Verslag van het jubileum,

Bronbeek 16 oktober 2004

Zaterdag 16 oktober vierde de Stichting Ellen de Bruin-ter Denge Memorial Fund haar 10 jarig jubileum. Van deze gelegenheid werd tevens gebruik gemaakt de door de Stichting uitgeloofde prijs van € 2500 te overhandigen aan de auteur van het boek “De GEEST OVERWINT”, de heer M.Spaans, Azn.

Ook werd tijdens deze feestelijke bijeenkomst de versierselen behorende bij de Verzetster Oost-Azië 1942-1945 uitgereikt aan de zoon van de drager van deze onderscheiding, W. Kok, de heer J.M. Kok.

De uitreiking geschiedde uit handen van de Kanselier der Nederlandse Orden de Lt.Gen.bd. De heer J.H. de Kleyn.

Geachte Dames en Heren,

Namens het bestuur van de Stichting Ellen de Bruijn – ter Denge Memorial Fund, heet ik U van harte welkom op deze bijzondere dag in het Koninklijk Tehuis voor Oud Militairen en Museum te Bronbeek.

In het bijzonder heet ik welkom de heer J.H. de Kleyn, Kanselier der Nederlands Orden, en de heren E. Kubbe, G.Bras en E. Gitz  Dragers van de Verzetsster.

De heer C. de Bruin, voorzitter

-Het zal ongeveer twee jaren geleden zijn dat het voornemen ter sprake kwam om ter gelegenheid van het tienjarig bestaan een prijs in te stellen, die de naam draagt van de oprichter van onze stichting Dr .J.H .de Bruijn.

De reden van de oprichting was een postuum eerbetoon aan zijn overleden echtgenote, die in Nederlands Oost-Indië geboren was en samen met haar vader, moeder, grootmoeder en tante de Japanse bezetting en het kampleven aan den lijve heeft meegemaakt.

Ik prijs mij gelukkig dat de eerste keer dat de Dr.
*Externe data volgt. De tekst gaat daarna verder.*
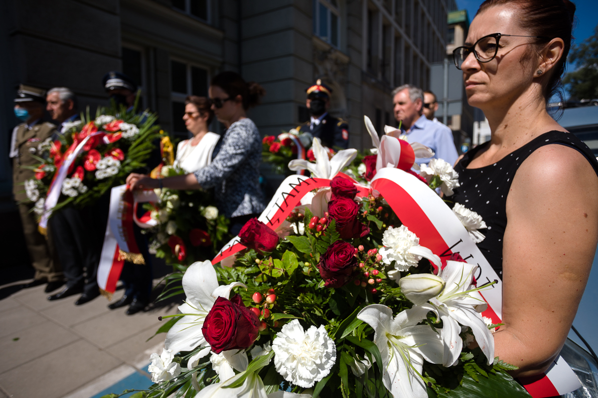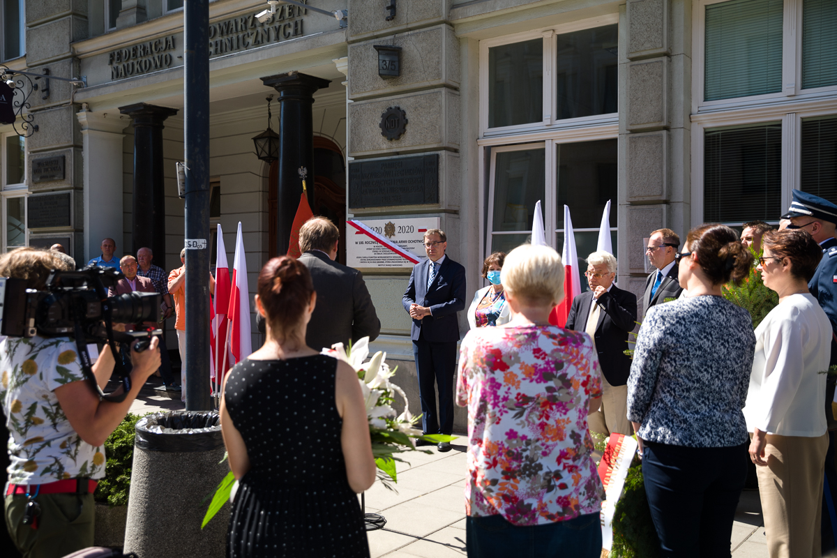 Na zakończenie uroczystości delegacje złożyły wieńce przed nową tablicą na ścianie budynku Warszawskiego Domu Technika.

J.H.de Bruinprijs is toegekend aan het boek, dat wij U zullen presenteren en dat als titel heeft “De Geest Overwint”.

Helaas moet ik het hierbij laten. Op 12 mei j.l. ben ik getroffen door een herseninfarct, met de gevolgen daarvan heb ik nog steeds te doen, hetgeen mij het langdurig spreken onmogelijk maakt.

Ik verzoek U daarom mij te verontschuldigen voor het feit dat ik een van mijn bestuursleden heb gevraagd het vervolg van mijn beoogde toespraak aan U voor te lezen.

De heer H.B. Peetoom, vice voorzitter

-Het boek dat wij U vandaag presenteren gaat over het verzet dat in welke vorm dan ook in Nederlands Oost-Indië tegen de Japanse bezetter werd gepleegd.

Zeer terecht merkt de auteur in zijn inleiding reeds op dat dit tot heden een moeilijk te bespreken gebeurtenis is, zelfs na 60 jaar.

Dat veel Nederlanders dit alles niet goed weten komt omdat bijna 60jaar later alles wat met onze driehonderdjarige voorgeschiedenis in Nederlands Oost-Indië te maken heeft, hier politiek taboe is.

In de ogen van de talrijke roze-rode zedenmeesters moeten wij ons eigenlijk schamen voor het feit dat wij koloniën hebben gehad. Dat is immers schandelijk.

Op scholen wordt dan ook over onze Indische geschiedenis gezwegen. Zelfs aardrijkskunde van het kolossale eilandenrijk dat wij 3 eeuwen bestuurden, is bij jonge generaties vrijwel onbekend.

Nooit of te nimmer is hen bijgebracht dat er op wetenschappelijk -medisch- en bestuurlijk niveau door de Nederlanders in het heerlijk rijk van insulinde, dat zich “daar slingert om de evenaar als gordel van smaragd. ” zoals Eduard Douwes Dekker het eens uitdrukte, werd verricht

Ik durf te stellen dat de verschrikkingen van de Japanse bezetting, vernederingen, ontberingen en verwoestingen, die van 1942 tot 1945 voortduurden, en de trauma’s die deze teweeggebracht hebben, ingrijpend hebben ingewerkt op het leven van de vele tienduizenden Nederlanders, die een belangrijk deel van hun leven in Indië hebben doorgebracht.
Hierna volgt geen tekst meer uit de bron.